Week 2 Day 1: Chest-Focused Strength Training Block with Sadie Meyer (she/her)

Week 2 Day 1: Chest-Focused Strength Training Block with Sadie Meyer (she/her)

Week 2 Day 1

Warm-Up Suggestions
  • Treadmill (low speed) 
  • Stair Climber (low speed) 
  • Band Pull-Aparts 
  • Push-Ups 
  • Tricep Dips
  • Arm Circles 
  • ATY with a Plate 


Accessory
A1. Flat Bench Press (with Dumbbells): 4 sets of 4-8 reps #smfflatbenchpress #gymmyflatbenchpress
Notes: Increase weight and decrease reps (if needed) every set. 
A2. Dips (Tricep-Focused): 4 sets of 10 reps #smfdips #gymmydips
Notes: Try to do as many as you can without assistance. Use assistance when you can no longer perform a full rep.

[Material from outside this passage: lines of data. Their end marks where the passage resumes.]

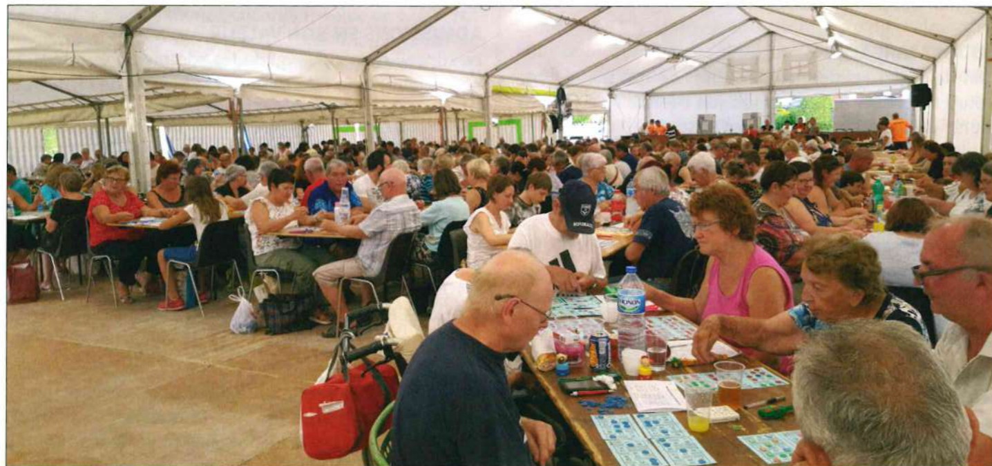
Il y avait foule au loto le samedi soir

Un grand merci à la municipalité qui fournit le personnel technique pour l'installation des chapiteaux et qui finance le traditionnel feu d'artifice.
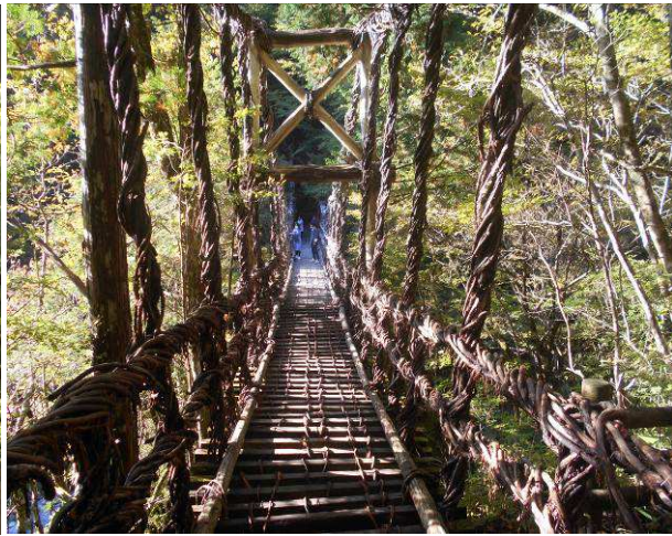
かずら橋渡る準備中
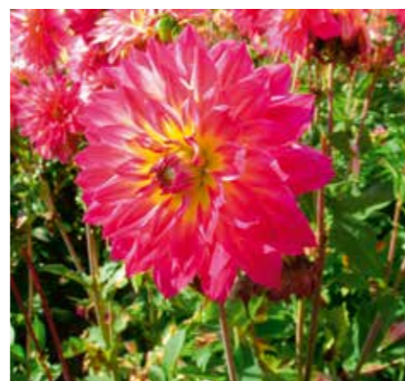
Dahlia 'Rosy Delight'
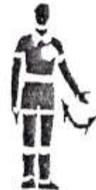
8. Продолжать игру.
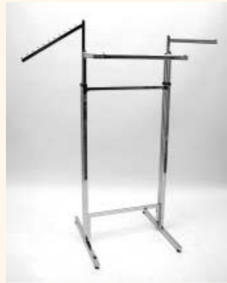
Quadra 2 Gondelset mit 2 Rahmen, 2 Arme einzeln höhenverstellbar H: 1250/1970 mm B: 700/650 mm Art. 6603
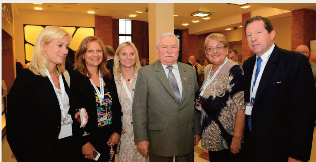
Spotkanie przedstawicieli Rady Dyrektorów i Komisji Nadzorczej P-SFUK z Prezydentem Lechem Wałęsą
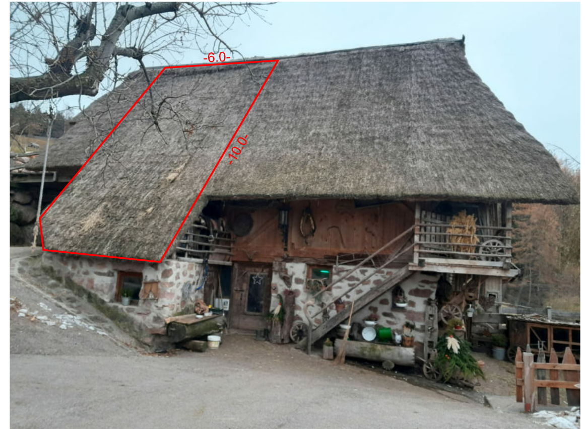
Der Hof im Jahr 2024 - Westansicht
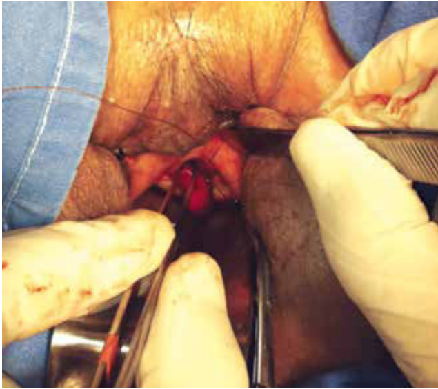
Figura 2 Resección de la tumoración y labio posterior del segmento anterior de la uretra.
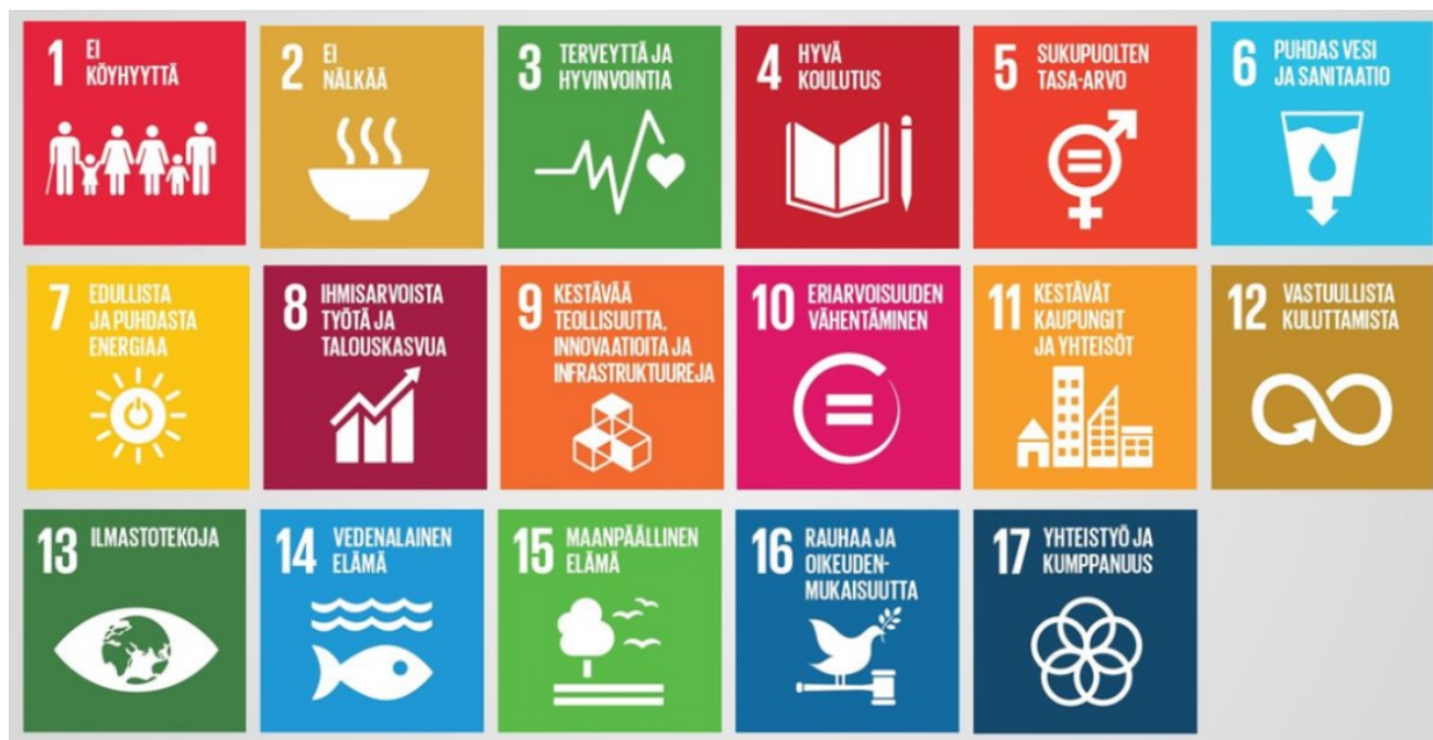
Kuva 1 Agenda 2030 tavoitteet

YK:ssa sovittiin vuonna 2015 kestävän kehityksen toimintaohjelmasta, Agenda 2030:sta, joka ohjaa kaikkien maailman maiden kestävän kehityksen työtä. Kyseinen toimintaohjelma sisältää 17 tavoitetta, jotka tulisi saavuttaa vuoteen 2030 mennessä. Kaikki 17 tavoitetta näkyvät kuvassa 1. Kaikille maille on asetettu samat tavoitteet, mutta niiden painotus vaihtelee maiden kehitystasosta riippuen. Maiden hallitukset vastaavat tavoitteiden saavuttamisesta ja ovat sitoutuneet laatimaan myös suunnitelmia siitä, miten tavoitteisiin päästään. Suomessa hallituksen toimenpiteet tavoitteiden saavuttamiseksi on esitelty valtioneuvoston Agenda 2030- selonteossa. (Valtioneuvoston kanslia.)

B1. Incline DB Press: 4 sets of 6-10 reps #smfinclinedbpress #gymmyinclinedbpress
Notes: Increase weight and decrease reps (if needed) every set. 
B2. Seated Tricep Pushdown Machine: 4 sets of 10-12 reps #smfseatedtriceppushdownmachine #gymmyseatedtriceppushdownmachine 
Notes: Use a narrow grip if available.


C1. Cable Standing Fly (From Chest-Height): 4 sets of 12-15 reps #smfcablestandingfly #gymmycablestandingfly
Notes: Place cables at chest-height of 2-4 inches or higher. 
C2. Cable Tricep Pushdown: 4 sets of 12-15 reps #smfcabletriceppushdown #gymmycabletriceppushdown
Notes: Use rope attachment. 

 

D1. Cable Single-Arm Fly (From Low): 4 sets of 10-12 reps per arm #smfcablesinglearmfly #gymmycablesinglearmfly
Notes: Stop movement at eye-level. 
D2. Tricep Push-Ups: 4 sets of AMRAP #smftriceppushup #gymmytriceppushup
Notes: Try to do as many reps as possible with no more than 1-2 seconds in between in each rep. Start with push-ups without assistance (dropping to knees or using a bench for an incline), then use assistance if needed.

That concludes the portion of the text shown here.